Fig. 4 shows a correlation between the computed V_OC and E_b, where each point is color coded as per the respective absorption maximum. It is apparent that only a small set of designed compounds fulfills the benchmarks mentioned above. Also, these few NFAs possess high oscillator strength (f) and large Q₂₀ as depicted in Fig. 3b.
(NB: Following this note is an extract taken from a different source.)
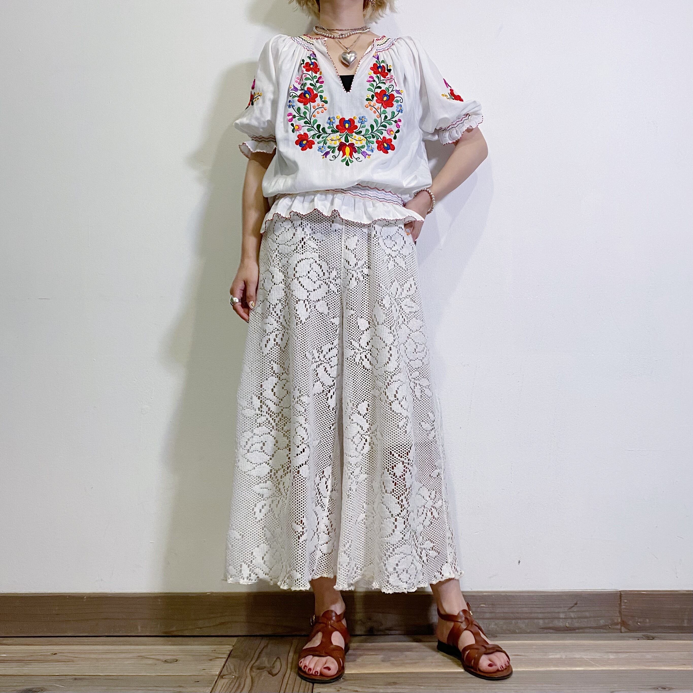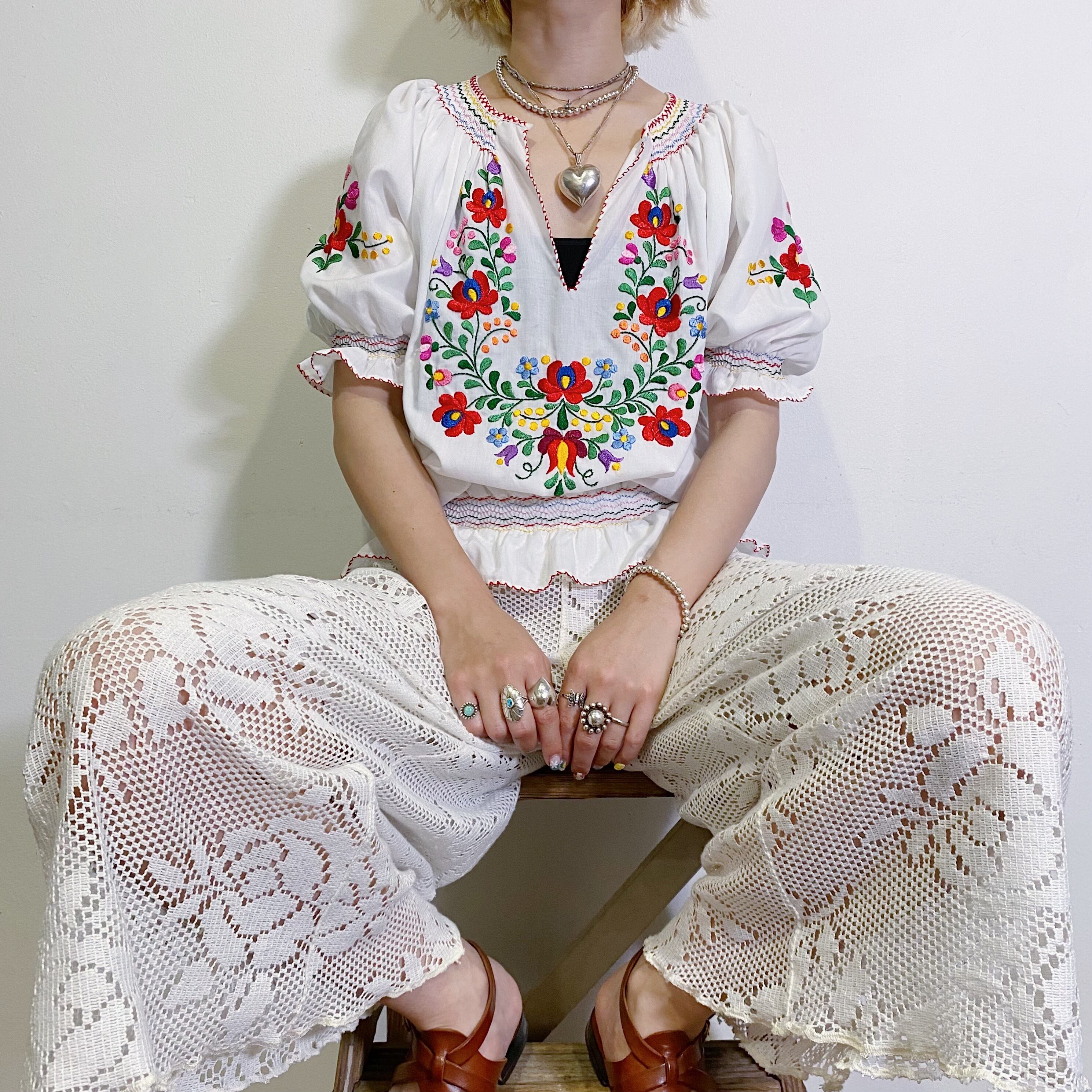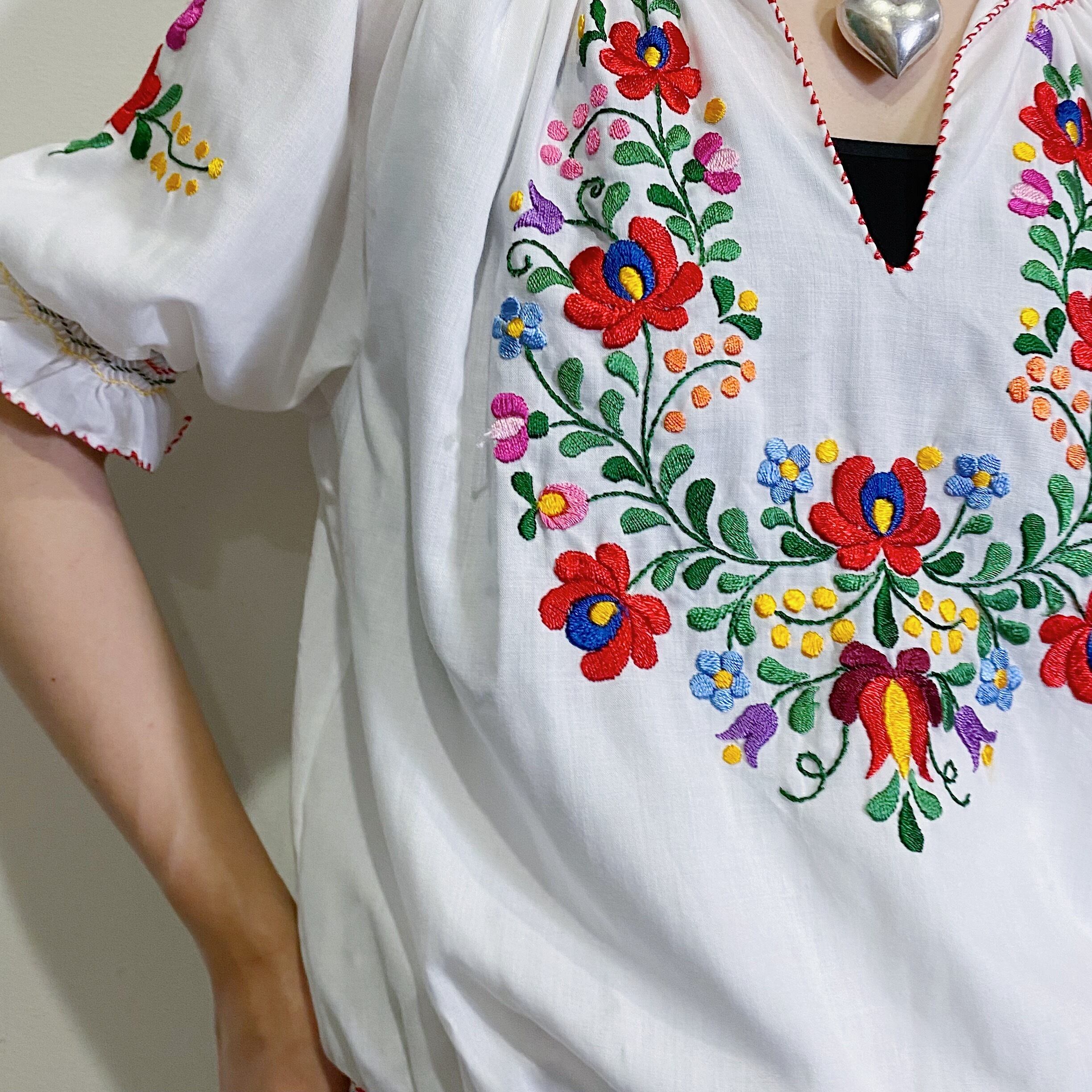 カラフルなお花のカロチャ刺繍が可愛い、ハンガリーのトップスです。

These NFAs are A1–D4–A1, A4–D4–A4, A1–D6–A1, A4–D6–A4, and A4–D8–A4. It is important to note that the charge transport simulations are computationally demanding since they involve morphology predictions via molecular dynamics simulations followed by quantum chemical calculations on near-neighbor charge hopping pairs. Hence, restricting us from treating only a few selected compounds from the database.

Fig. 4 Screening criteria of the investigated NFA systems based on their correlation between V_OC and E_b. The color of each point represents the corresponding absorption wavelength value.

3.3 Energy levels and photophysics of the selected NFAs

Ionization potential (IP), electron affinity (EA), and reorganization energy are crucial parameters for determining the charge transport efficiencies of organic semiconductors. The computed IP, EA, and reorganization energy of the selected NFAs (A1–D4–A1, A4–D4–A4, A1–D6–A1, A4–D6–A4, and A4–D8–A4) are summarized in Table 1. As can be seen, the structural modifications of bare A1–D3–A1 molecule offer significant differences in the calculated energy levels. Compared to the bare A1–D3–A1, six thiophene-linked A1–D4–A1 and A4–D4–A4 acceptors exhibit a reduced IP and EA. The elongation from six to eight thiophene ring further reduces the IP and EA. However, a slight increment in the energy levels is observed when B–N fuzed-thiophene incorporated phenyl–methyl (A4–D6–A4) is shifted towards the end-group acceptor (A4–D8–A4). The investigated systems' hole and electron reorganization energies (λ_h and λ_e) are summarized in Table 1. Compared to bare A1–D3–A1, the B–N embedded thiophene ring linked with phenyl–methyl materials (A1–D4–A1 and A4–D4–A4) possess smaller λ_e, which indicates better electron transport characteristics in these systems. However, the larger λ_h suggests a poorer hole transport efficiency.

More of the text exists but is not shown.